Aid in trucks from Spain is already waiting at Gaza's borders. Since the beginning of the conflict, the government has tripled the aid. Its demand is that Israel allow "free, permanent and uninterrupted" passage by land, in addition to allowing humanitarian workers, doctors, health workers and journalists, many of whom have died in record numbers, to work freely.
'Words are no longer enough'
Albares's announcement was only the prelude to the strong message later delivered at the High-level International Conference on the Peaceful Resolution of the Question of Palestine, in which he called on the international community to abandon empty rhetoric and take action. "Words are no longer enough," he warned. "Today is no longer about discussing the two-state solution, but about its implementation."
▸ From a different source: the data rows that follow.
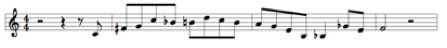 Bei 6:41 spielt Parker eine weitere starke Clave-artige Figur, gefolgt von einem [Cram; mit Tönen vollgestopfte Phrase]. Schließlich liebe ich die spontane Harmonisierung, die Bird im Thema am Ende macht, und zwar besonders die melodisch symmetrische Phrase bei 7:39, wobei der Des-Auftakt zur nächsten Phrase (mehr ein vermindertes D als ein reines D) die Symmetrie-Achse der vorangehenden 10 Tonhöhen ist: |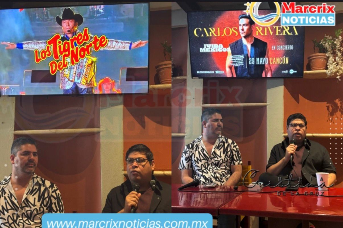 Durante el encuentro con medios, representantes de la empresa, fundada en Torreón, Coahuila, informaron que Los Tigres del Norte se presentarán el 27 de febrero de 2026 en el Estadio Olímpico Andrés Quintana Roo, mientras que Carlos Rivera llegará a Cancún el 29 de mayo en la Plaza de Toros Cancún, dos recintos que esperan recibir a miles de asistentes.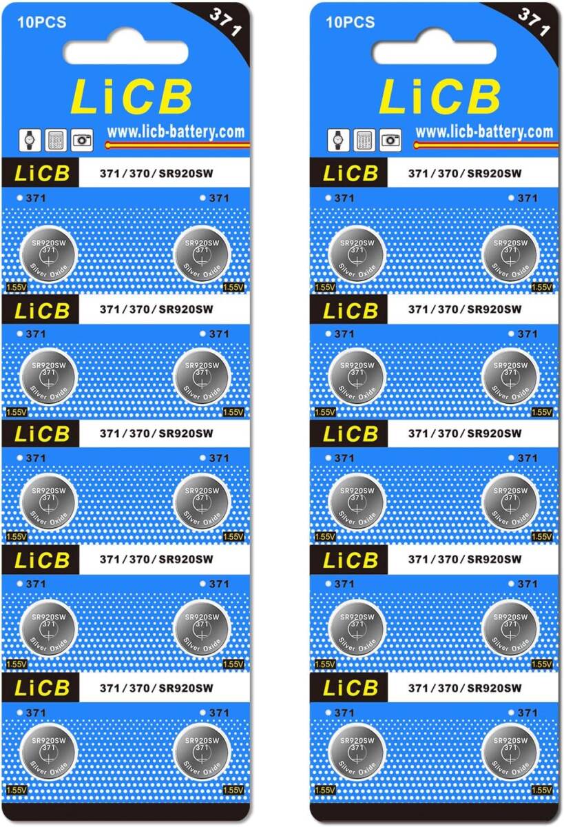 LiCB 20個 SR920SW ボタン電池 時計用【SR920sw、371 、LR920、AG6、370相当品】

Spain defends a vision of a Palestinian state with political unity between Gaza and the West Bank, territorial continuity, access to the sea with a port in Gaza and a capital in East Jerusalem. The deadline for this to be implemented, according to the foreign minister, is between 12 and 15 months. "What we cannot allow - and it is clear that there are many of us who think this way - is for the State of Israel to have a kind of veto right over peace in the Middle East, a veto right over the existence or not of the Palestinian state, or worse still, a macabre veto right over the life or death of 100,000 Palestinian children."